И вот тут проявляется то, за что он мне все же нравится. Марко извиняется — был чересчур резок. Извиняется искренне. Он хороший парень. Я хотел бы, чтобы Чаки был таким. И я не злюсь на Ло за то, что она говорила обо мне и нашем сыне, которого я не видел два года. Два года. При этом она позволяет мне сидеть за этим столом. Я подмигиваю ей. Она кивает. Знает. Они заводят разговор о группе, выступающей в городе на следующей неделе. Я ем пасту. Такое бывает, когда ваш ребенок болен. Вы привязываетесь к чужому ребенку, сидите с ним, как будто он ваш. Марко замечает мою угрюмую отстраненность и смотрит на меня.

— Должен спросить. Вам когда-нибудь приходилось разнимать драки в «Лупо»?

Ло смеется.

— Слава богу, нет. Эгги — детектив, а это по большей части бумажная работа. Но ты все же расскажи нам о каком-то своем деле.

Я наматываю спагетти на вилку.

— Вообще-то как раз сегодня был интересный звонок насчет одного старого случая.

В глазах у Марко вспыхивают огоньки. Ребята в классах Ло всегда требуют историй и с удовольствием слушают рассказы о нашей начальнице, Стейси, личности исключительной, женщине с пятью детьми, которая еще и руководит полицией. Ло зачитывает мне отрывки из их разнообразных описаний Стейси. Сказать по правде, особа она не очень интересная, по крайней мере для меня.

Ло роняет ложку в миску с салатом.

— Старый случай?

Марко приободряется.

— Это не о тех ребятах с сердечным приступом?

Я киваю. Ло кусает губы. Расплата придет потом.

— Сегодня мне позвонила мать одной из жертв. Возможно, ничего особенного, но в полицейской работе важно прислушиваться к внутреннему голосу, полагаться на чутье, — говорю я, входя в образ моего старика. — В полицейской работе важно думать. Иметь воображение. Важно оторваться от отчета о вскрытии и подумать о теле. А еще важно ставить правильные вопросы. Но на первом месте чутье. Оно — ваш собственный маленький интернет, вот что такое чутье. Как вы размышляете над вашими сочинениями, так я размышляю над фактами.

Ло тут же цепляется за последнее слово.

— Факты, — говорит она, не спуская с меня глаз.

— Так или иначе, — продолжаю я. — Как выясняется, в деле одного из этих ребят возможно влияние некоего субъекта, о котором мы не знали до сегодняшнего дня.

Марко кивает. Как все дети Ло, он наполовину слушает, наполовину наблюдает. Вижу, что он уже пользуется мною, знает обо мне больше, чем следует. Ло раскрылась перед ним. Мой муж и его коробки. Знаешь, из-за них у него уже были неприятности. Пару лет назад его условно отстранили с испытательным сроком из-за того, что он не желал отказаться от своей теории насчет того, что эти смерти связаны между собой.
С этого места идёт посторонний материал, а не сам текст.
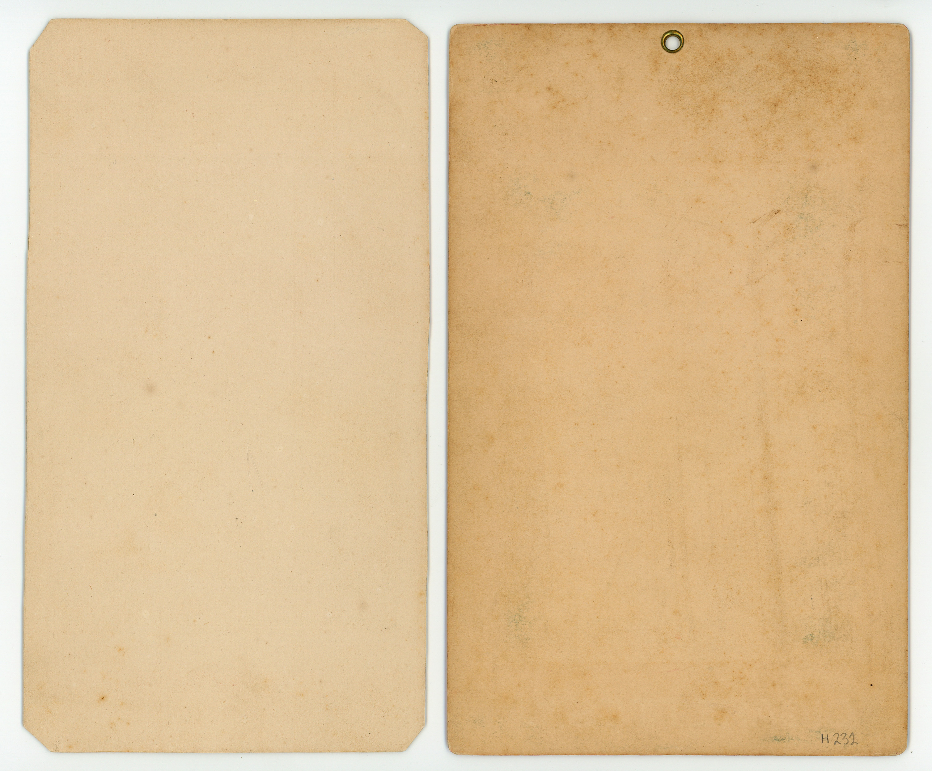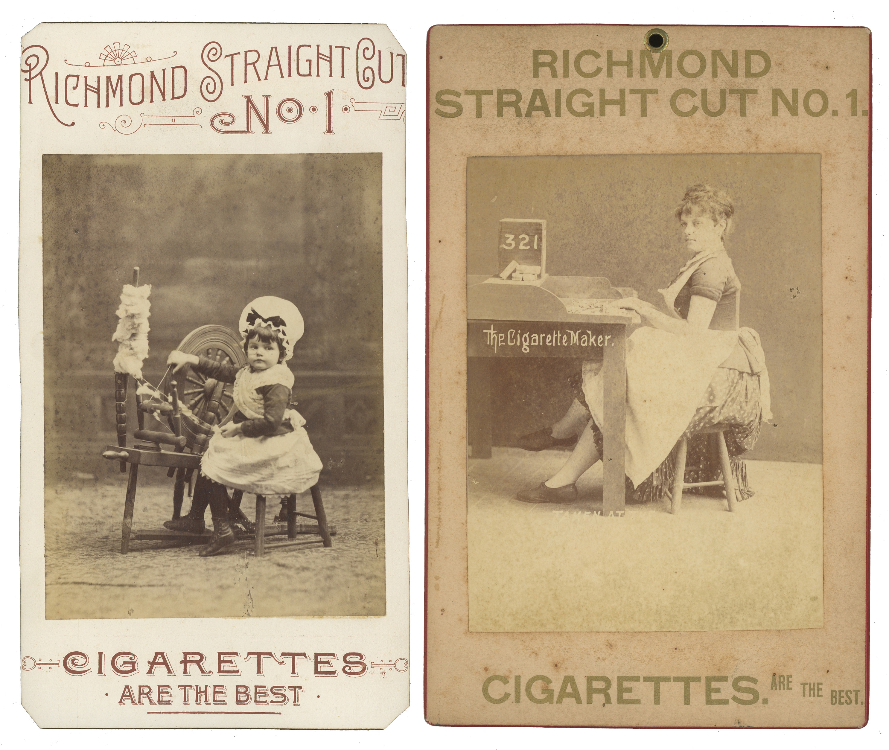Extremely rare nineteenth-century large cabinet card featuring a woman seated at a work table hand-rolling cigarettes, issued as a premium by the Allen & Ginter tobacco company. The cabinet is slightly larger than a traditional cabinet card, measuring approximately 4-7/8 x 7-7/8 inches, and features the advertisement for "Richmond Straight Cut, NO. 1./Cigarettes. Are The Best" printed on the top and bottom borders. The identification "The Cigarette Maker" is printed within the photo next to the woman posing. There is an eyelet hole at the top (most likely contained a string to hang for display). The cabinet card grades Good overall due to light scattered foxing and a pencil notation on the blank reverse. Also accompanying this cabinet card is a similar premium cabinet (4-5/8 x 7-15/16 inches) featuring a child at a spinning wheel. This card displays four clipped corners and uneven side edges, indicating it may have been cut down at one point. This is a pair of very high quality cabinet cards worthy of any advanced nonsports or tobacco advertising collection. Total: 2 cards.

Упрямство могло стоить ему работы, но посмотри — вечер за вечером опять сидит со своими коробками.

— В любом случае, — говорю я, — материал конфиденциальный, так что на этом придется поставить точку.

Мы снова говорим о Марко, его жизни, газете, соседях по дому и застольной игре для подвыпившей компании, в которой нужно трижды быстро произнести Нэнси Энн Сиэнси[29]. Мы тоже, как три идиота, каркаем: Нэнси Энн Сиэнси Нэнси Энн Сиэнси Нэнси Энн Сиэнси. Смотрю на Ло и думаю, какие неприятности ждут меня после обеда.

Встаем из-за стола, убираем тарелки. Марко снимает с зарядника телефон и притворно зевает.

— Мне, наверное, пора.

Ло хватает его за руку.

— Без десерта не уйдешь. — Просто пожелать спокойной ночи и разойтись она не может. — Шоколадные кексы любишь?

— Обожаю, — говорит он, и это сигнал мне.

Закладываю кексы в микроволновку. Ло и Марко обсуждают документальный фильм, который Ло должна посмотреть по «Нетфликс». Краем глаза наблюдаю, как на кексах тает глазурь. Марко смеется над чем-то, что сказала Ло. Она улыбается — приятно видеть, как дети реагируют на рассказанную тобой историю.

Я бы хотел, чтобы Марко был моим сыном. Я бы хотел, чтобы мой сын был Марко. Кексы крутятся и крутятся, а я думаю о том, что лучше бы Мэдди рассказывала о чем-то другом, а не о своем чертовом сне.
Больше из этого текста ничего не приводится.